In most games, you would not want to be rolling this with your pair of dice. In many popular board games, this means your progress is at an absolute crawl. If this (or similar low rolls) is the majority of your results, it can be a very long and frustrating session. From personal experience, these are the sessions that you want to end now, even if you lose by a large margin, just to end the misery. Its possibly enough reason for you to swear off board games forever.
For games like Chutes and Ladders (or its snake-y variant), Monopoly and even Risk, winning the game often has less to do with a player's wit and more with where you fall with 'Lady Luck'. While this may be interesting to some players, this reliance on the random can quickly become stale, and feel repetitive (read: boring).
But what if rolling the dice wasn't the only way to win the game? That would certainly change how chance affects one plays the game, and even the outcome. While classic games like Monopoly are still dependent on dice rolling results to win, modern games offer various alternatives to progress and even victory - lessening the impact of randomness on the game.
This then allows the game to be engaging for all the players involved, since each player has an active interest in the game no matter what results from their dice roll. Player's aren't simply counting spaces along the board and waiting for their next turn, but they actively observe what the effect of each person's turn has on their own possible plays - increasing the emphasis on planning and strategy.
A few games where chance plays a part in the game, but isn't central to it:

Settlers of Catan - the classic precursor to modern boardgames, Catan relies on the dice for resources to be produced (though not necessarily for the player rolling the dice)... However, if a player is short on resources, they have opportunities to barter with other players for what they need, or, being more mischievous, they can try to acquire the resource using the robber. As well, with various options in the game, the lack of a resource may just mean a shift in strategy on the way to victory (points).
King of Tokyo - players take the role of a giant monster (based on popular monster tropes: giant primate, destructive lizard, invading alien, etc) out to conquer Tokyo. Dice rolls determine if a player is attacking other monsters, gaining powers or accumulating (victory) points. A majority of results still allow a player to 'do something', especially since there are opportunities to re-roll the dice during the turn. Another game similar in mechanics would be Dice Town - this one is set in the American West.

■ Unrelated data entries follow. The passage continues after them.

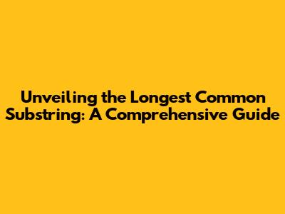 Unveiling The Longest Common Substring: A Comprehensive Guide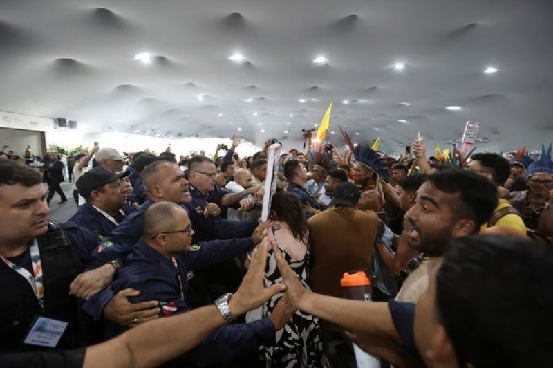 Logo na sequência, outros manifestantes carregando bandeiras de coletivos estudantis e faixas de protesto contra a exploração de petróleo chegaram ao espaço da Blue Zone e entraram em confronto com os seguranças.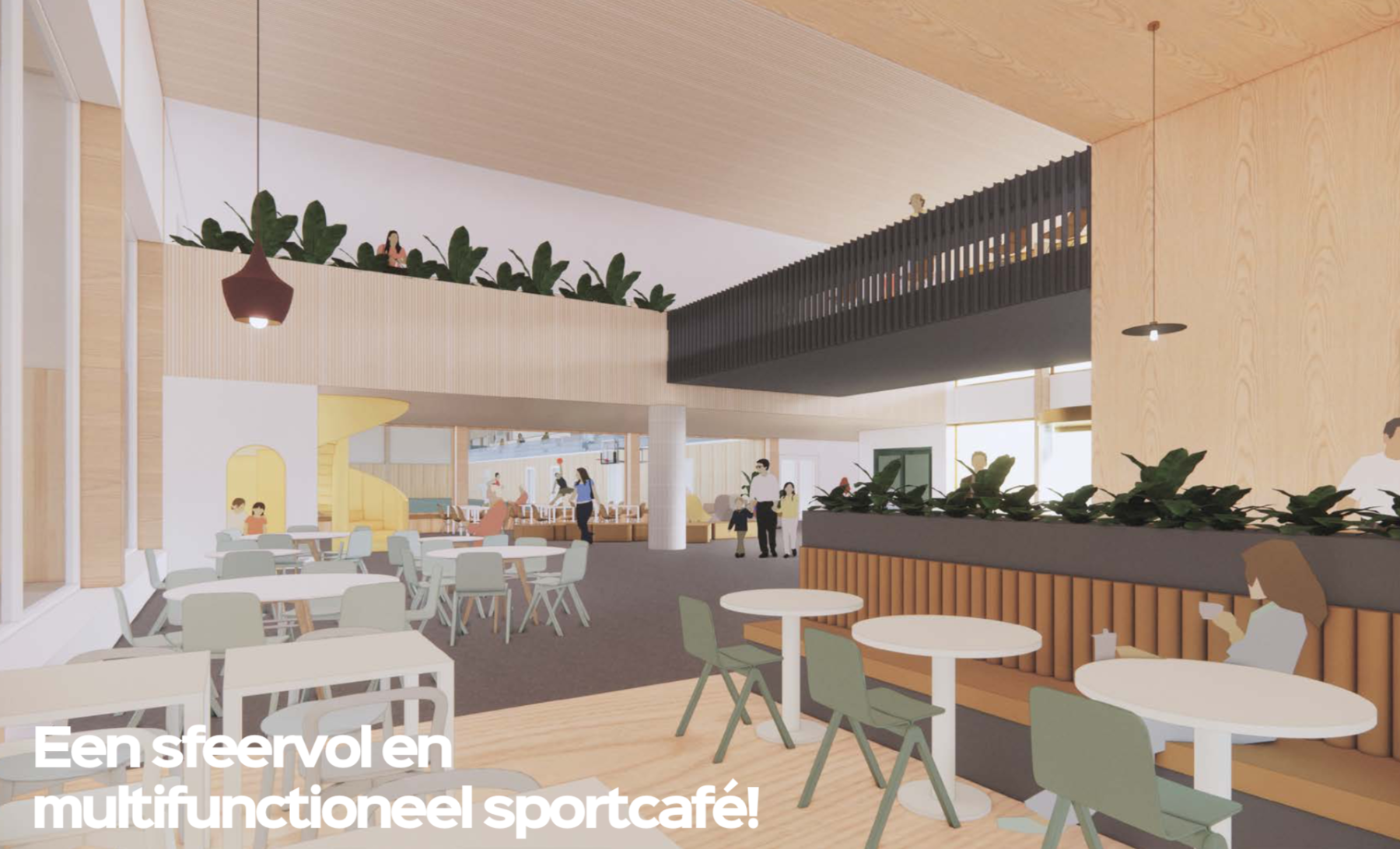 Verder valt op dat er veel aandacht is voor zichtlijnen. Van binnen naar buiten en van buiten naar binnen. Koenis: “We trekken het open.” Het idee is dat er een parkachtige plein ontstaat tussen zwembad en sporthal, maar ook dat er verbinding is met de sportfaciliteiten van het hele sportpark ’t Wooldrik. Het hart van het sportcomplex wordt de entree en ontmoetingsruimte. Op de eerste verdieping is er eveneens gelegenheid voor sporters om elkaar te ontmoeten en zicht te hebben op het sporten in de hal. Ook op de eerste verdieping ruimte voor fysiotherapie, een krachthonk en een dans/vechtsportzaal.

Alien Frontiers - a colony building game set in outer space. Players race against each other to gather resources and build colonies on the newly discovered planet. Dice rolls determine which actions a player can perform during their turn, provided a previous player hasn't already performed that action. Though there are ways to work around that obstacle, or even just raid resources from other players outright. Considered to be a casual or moderate game, expert gamers may find Troyes a more complex and challenging game.